Aturan yang diuji di antaranya Pasal 107 ayat (1) UU 10/2016 yang berbunyi "Pasangan Calon Bupati dan Calon Wakil Bupati serta pasangan Calon Walikota dan Calon Wakil Walikota yang memperoleh suara terbanyak ditetapkan sebagai pasangan Calon Bupati dan Calon Wakil Bupati terpilih serta pasangan Calon Walikota dan Calon Wakil Walikota terpilih".
Pemohon juga menguji Pasal 109 ayat (1) UU 10/2016 yang berbunyi “Pasangan Calon Gubernur dan Calon Wakil Gubernur yang memperoleh suara terbanyak ditetapkan sebagai pasangan Calon Gubernur dan Calon Wakil Gubernur terpilih”.
Pemohon pun menyoroti sejumlah ketentuan yang sempat berlaku mengenai syarat memenangkan pilkada dan mengalami berbagai perubahan. Seperti contoh, yang diatur dalam UU Nomor 12 Tahun 2008, di mana paslon kepala daerah harus memperoleh suara lebih besar dari 50 persen untuk dapat ditetapkan sebagai paslon terpilih. Namun jika tidak terpenuhi dan terdapat pasangan calon yang memperoleh suara lebih dari 30 persen, maka paslon tersebut dapat dinyatakan sebagai paslon terpilih. Jika tidak terdapat pasangan calon yang memperoleh suara lebih dari 30 persen, maka dilakukan pemilihan putaran kedua.

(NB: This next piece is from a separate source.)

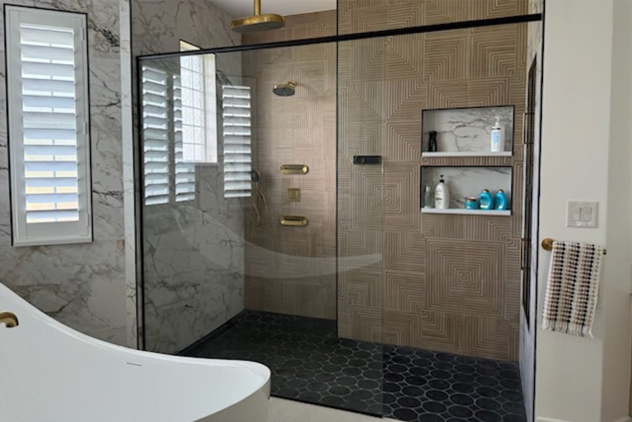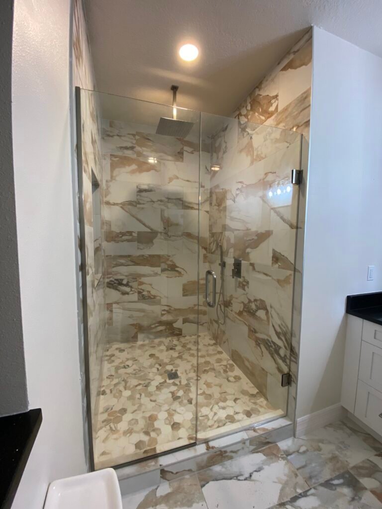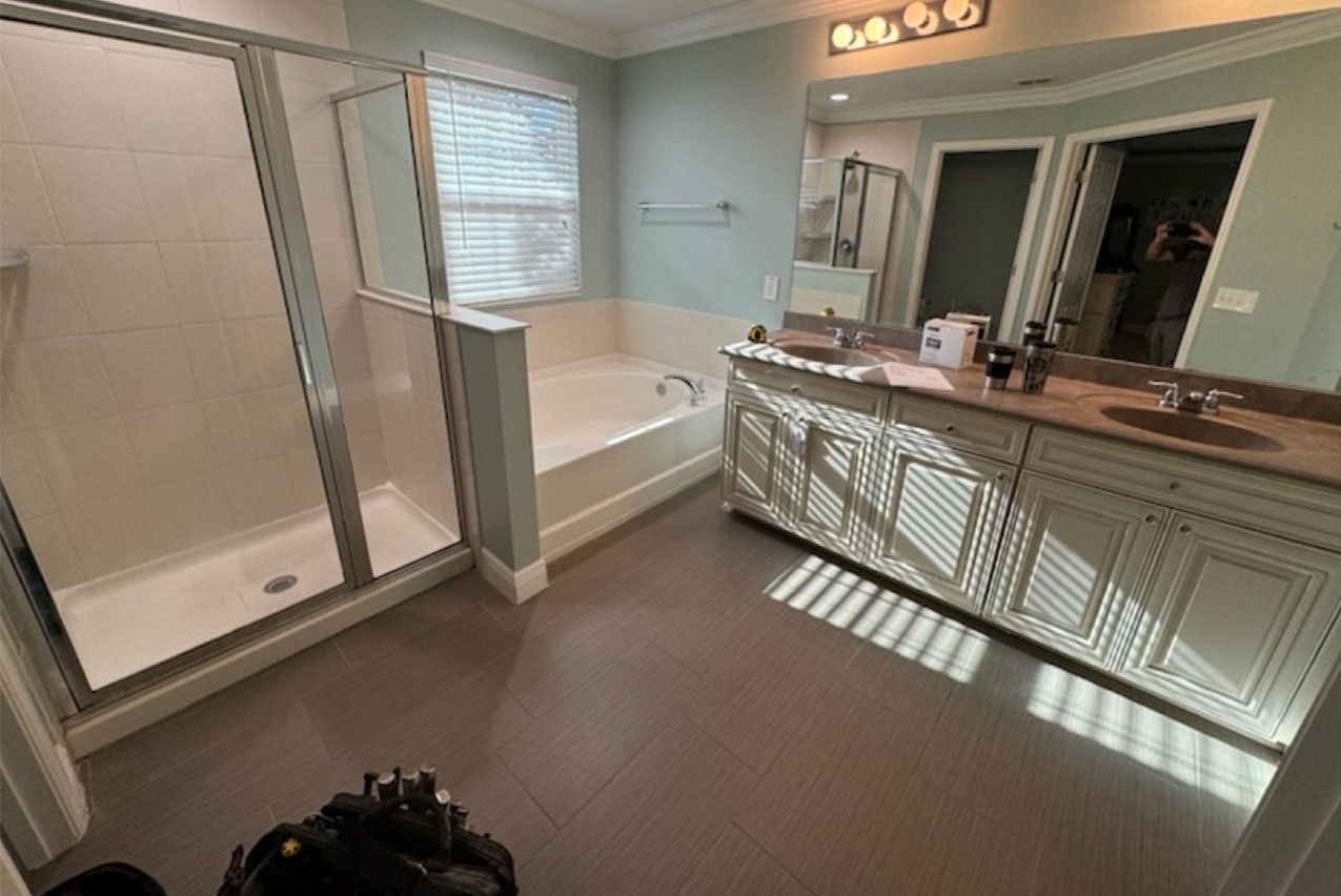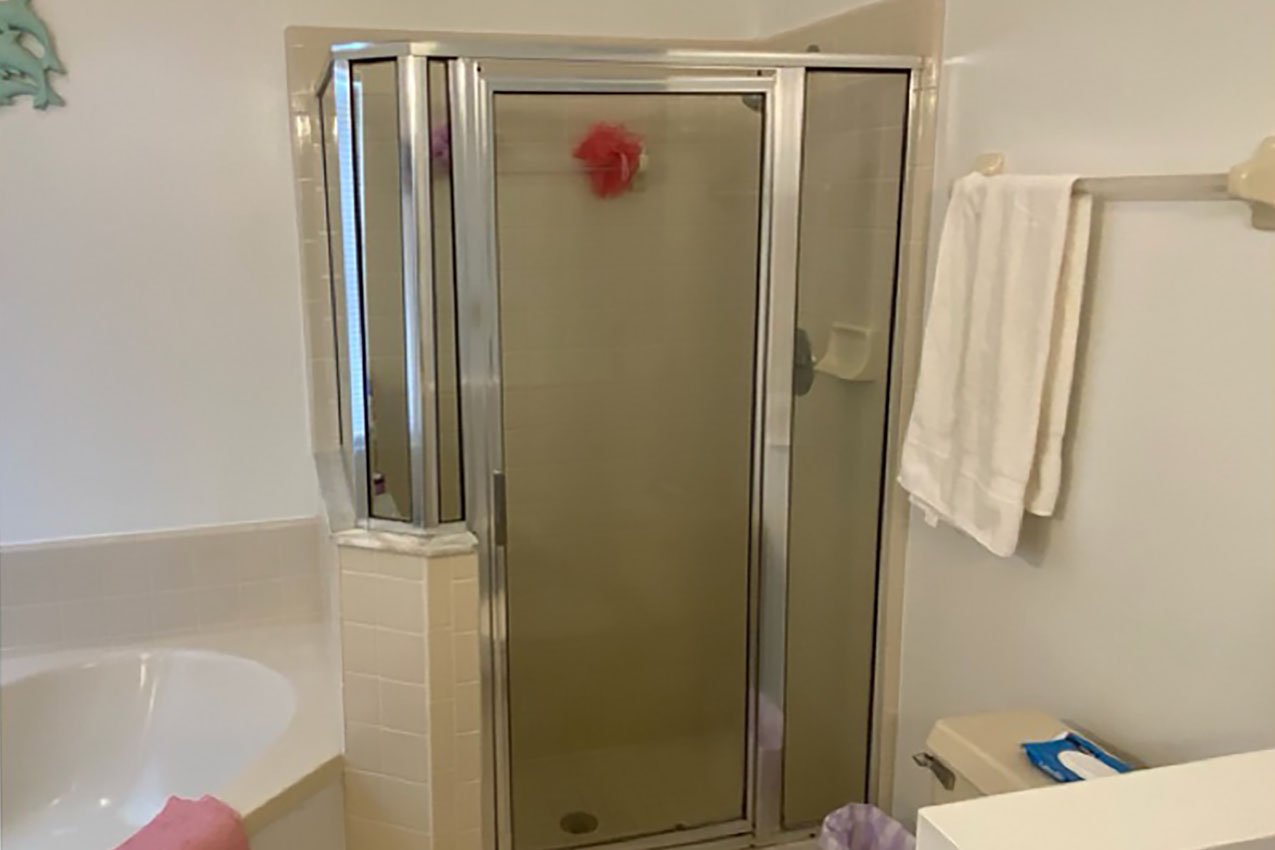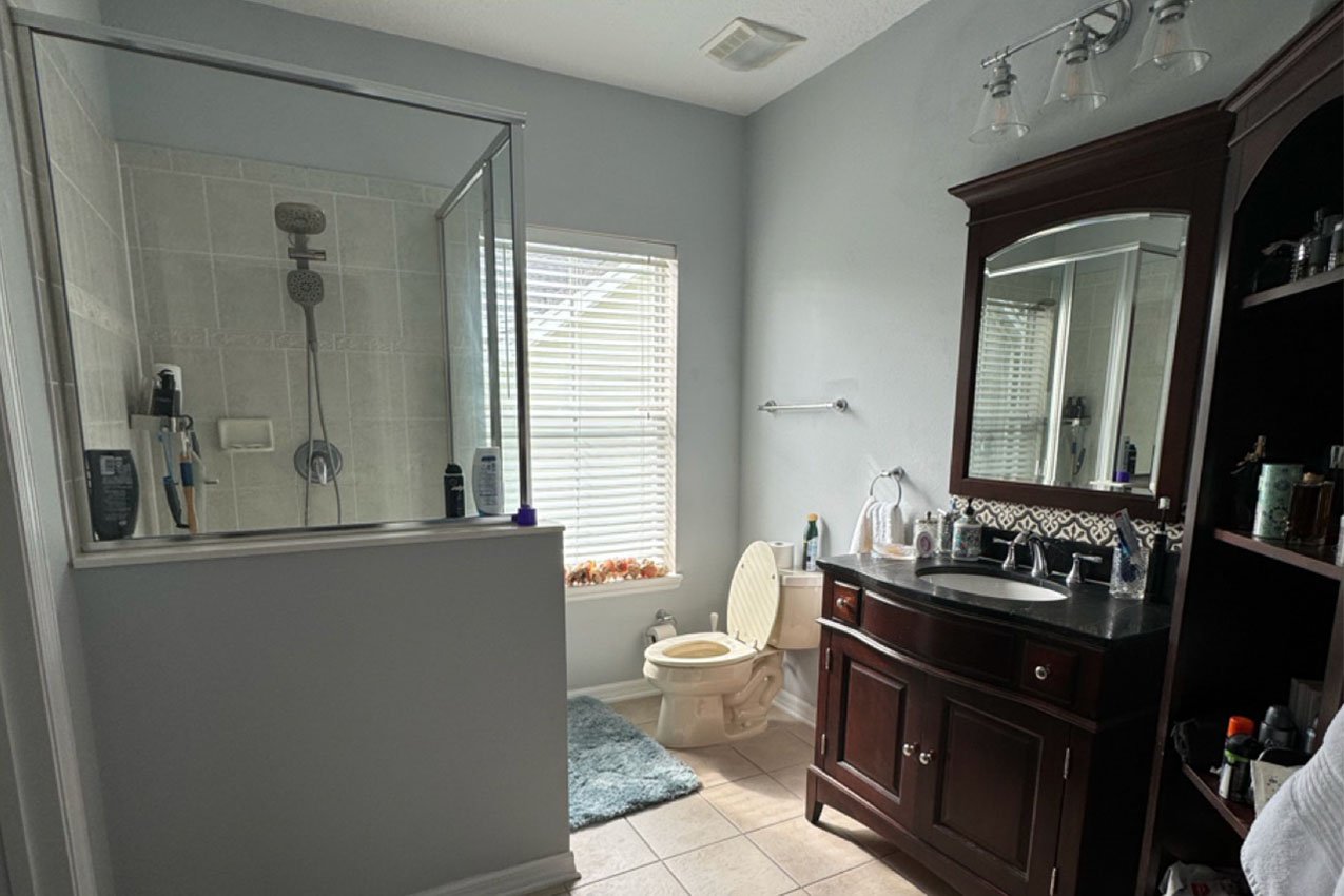 This client was struggling for space in their master bathroom. Between a claustrophobic shower encloser and a door that felt like it banged against the toilet, we reinvented the space

Ketentuan tersebut juga berubah kembali pada UU Nomor 1 Tahun 2015 yaitu paslon kepala daerah harus memperoleh suara lebih besar dari 30 persen untuk dapat ditetapkan sebagai pasangan calon terpilih. Jika tidak ada pasangan calon yang memperoleh suara lebih dari 30 persen, maka dilakukan pemilihan putaran kedua yang diikuti calon peraih suara terbanyak pertama dan kedua pada putaran pertama.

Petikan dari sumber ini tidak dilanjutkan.